La grande opportunité pour Biden de construire une nouvelle coalition au Moyen-Orient
L'intégration régionale. C'est l'un des principaux thèmes du voyage du président américain Joe Biden en Israël et en Arabie saoudite cette semaine, et cela peut sembler déplacé dans un Moyen-Orient notoirement instable et sujet aux conflits. Mais cela ne devrait pas être le cas : alors que les précédents voyages présidentiels américains étaient axés sur la résolution du conflit israélo-palestinien, la gestion du programme nucléaire iranien, la promotion de la démocratie ou la visite des troupes dans les zones de conflit, quelque chose de nouveau se prépare au Moyen-Orient.
Et Biden le sait. La Maison Blanche s'empare de deux évolutions significatives, toutes deux héritées de l'administration Trump, et les fait avancer de plusieurs pas pour remodeler la région d'une manière qui serve les intérêts américains et locaux.

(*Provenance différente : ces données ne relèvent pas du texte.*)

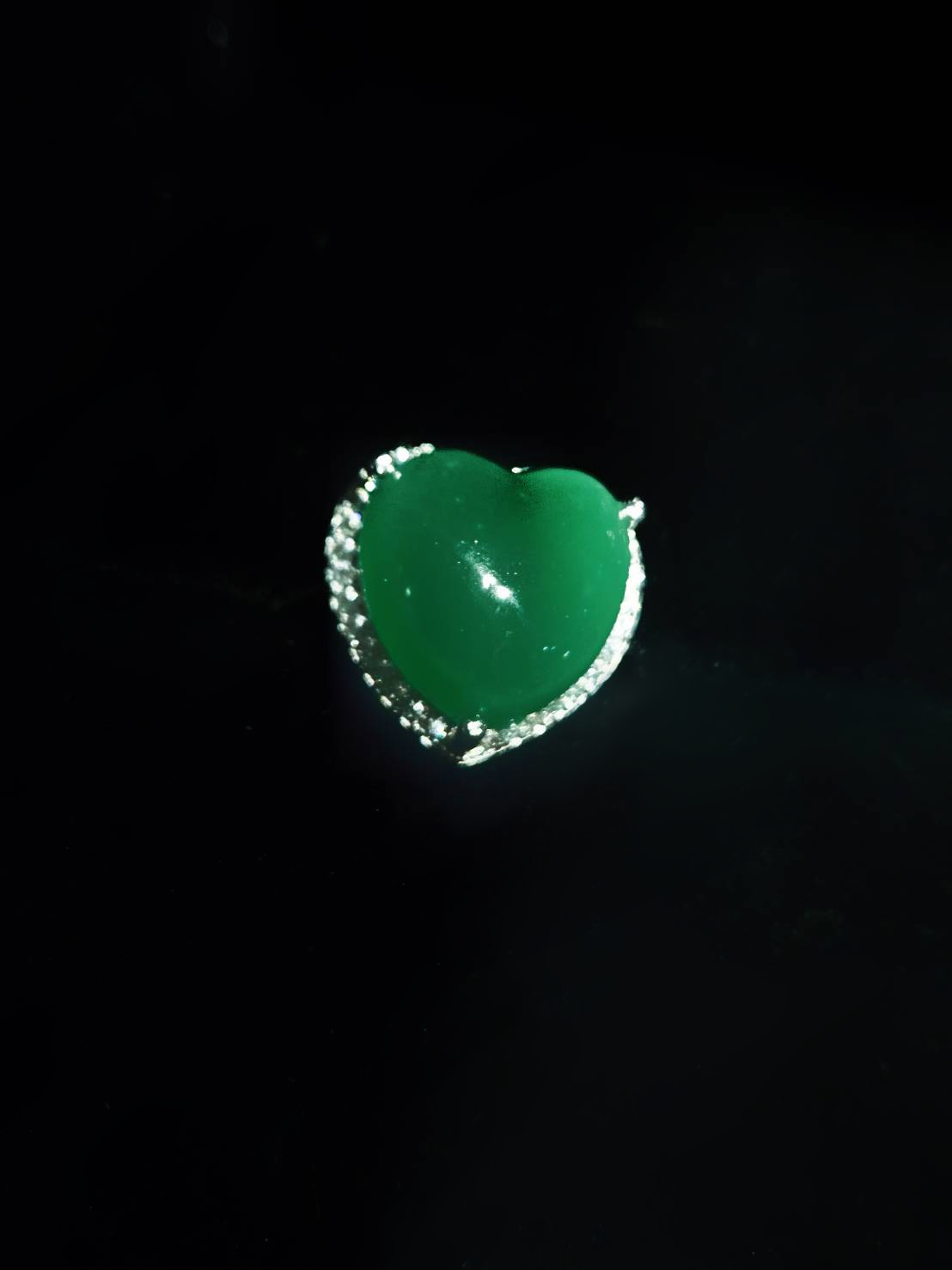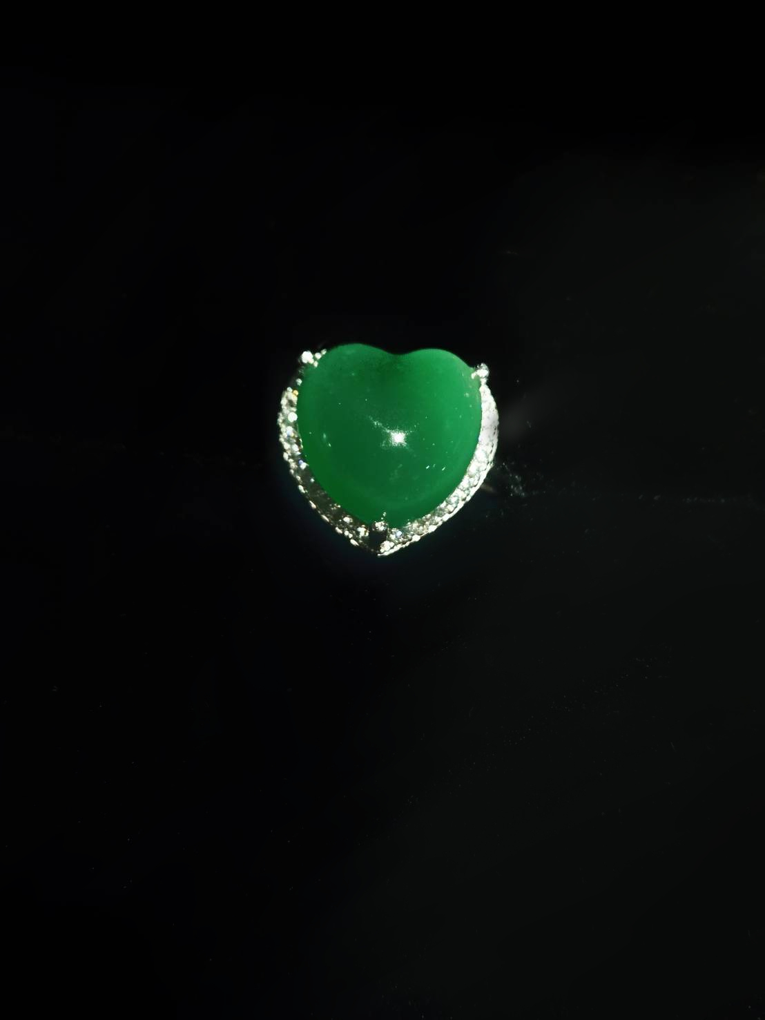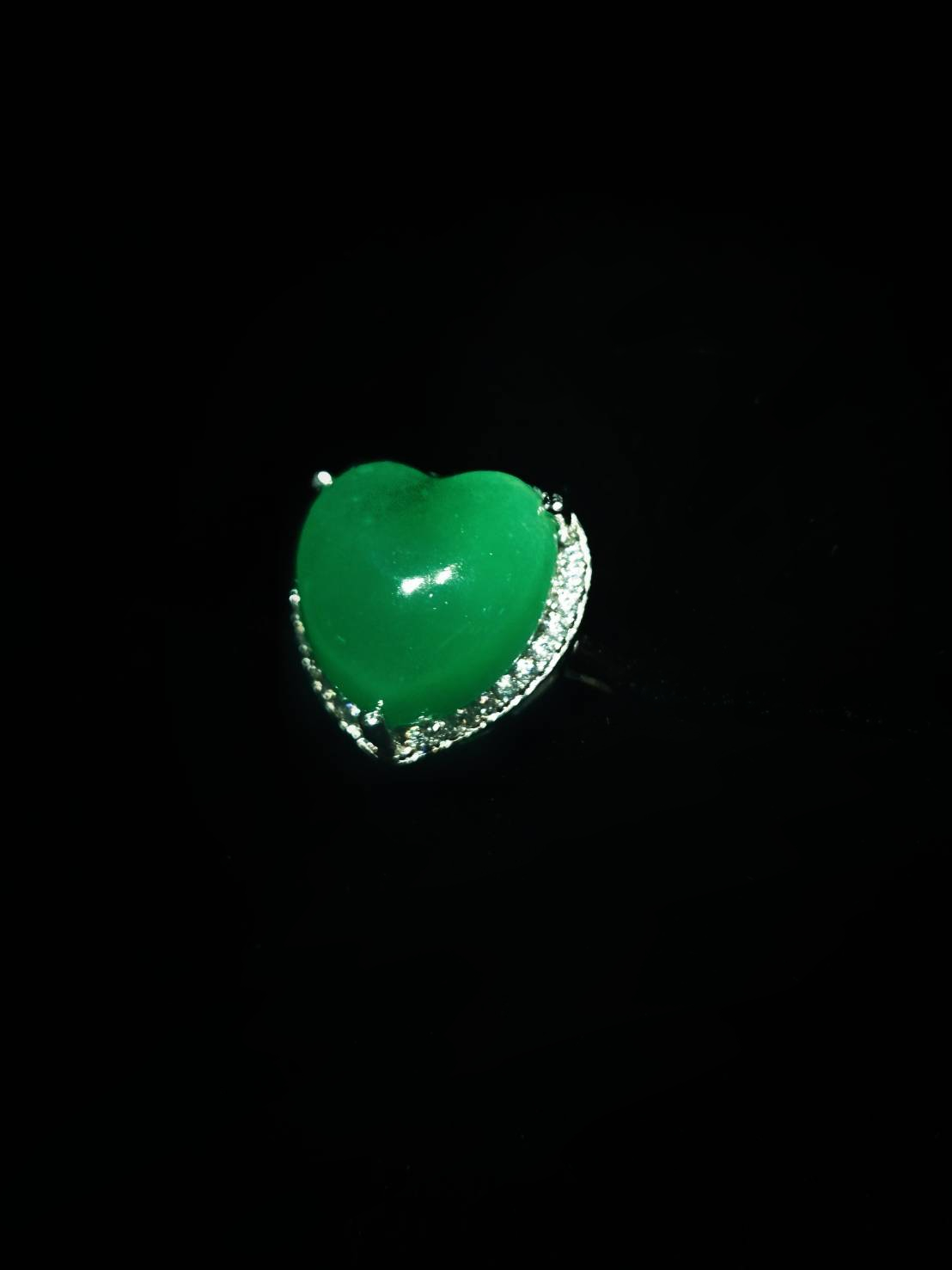This romantic ring features a large, high-domed cabochon of intensely green jadeite precisely cut into the shape of a smooth, plump heart. The jadeite's glossy polish enhances its rich color.
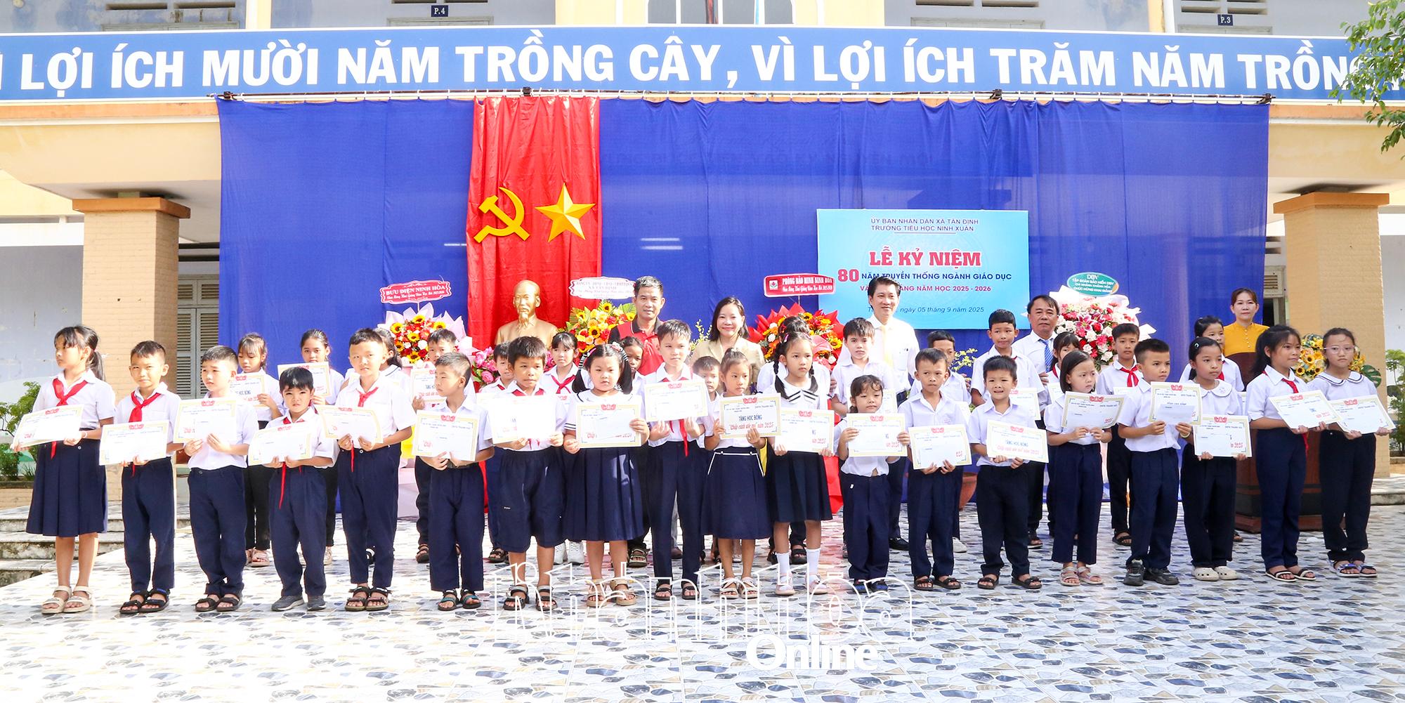 * Đồng chí Thái Thị Lệ Hằng - Bí thư Đảng ủy, Tổng Biên tập Báo và Phát thanh, Truyền hình Khánh Hòa; lãnh đạo Đảng ủy, UBND xã Tân Định và lãnh đạo các đơn vị: Tổng Công ty Khánh Việt, Ngân hàng Nông nghiệp và Phát triển nông thôn Chi nhánh Khánh Hòa, Công ty Cổ phần Đầu tư và Phát triển XGROUP, Doanh nghiệp tư nhân Thanh Hải dự lễ khai giảng năm học 2025 - 2026 và trao quà, học bổng cho học sinh Trường Tiểu học Ninh Xuân (xã Tân Định).

Le premier est une série d'accords de normalisation : les accords d'Abraham établissant les relations entre Israël et les Émirats arabes unis et Bahreïn, et deux autres pactes entre Israël et le Maroc et le Soudan. La normalisation des relations entre Israël et les États arabes offre d'immenses possibilités pour un avenir plus pacifique et plus prospère pour les peuples de la région. Elle reflète et encourage les attitudes déjà changeantes - en particulier chez les jeunes Arabes - selon lesquelles il est normal pour les Arabes et les Israéliens de vivre et de travailler ensemble.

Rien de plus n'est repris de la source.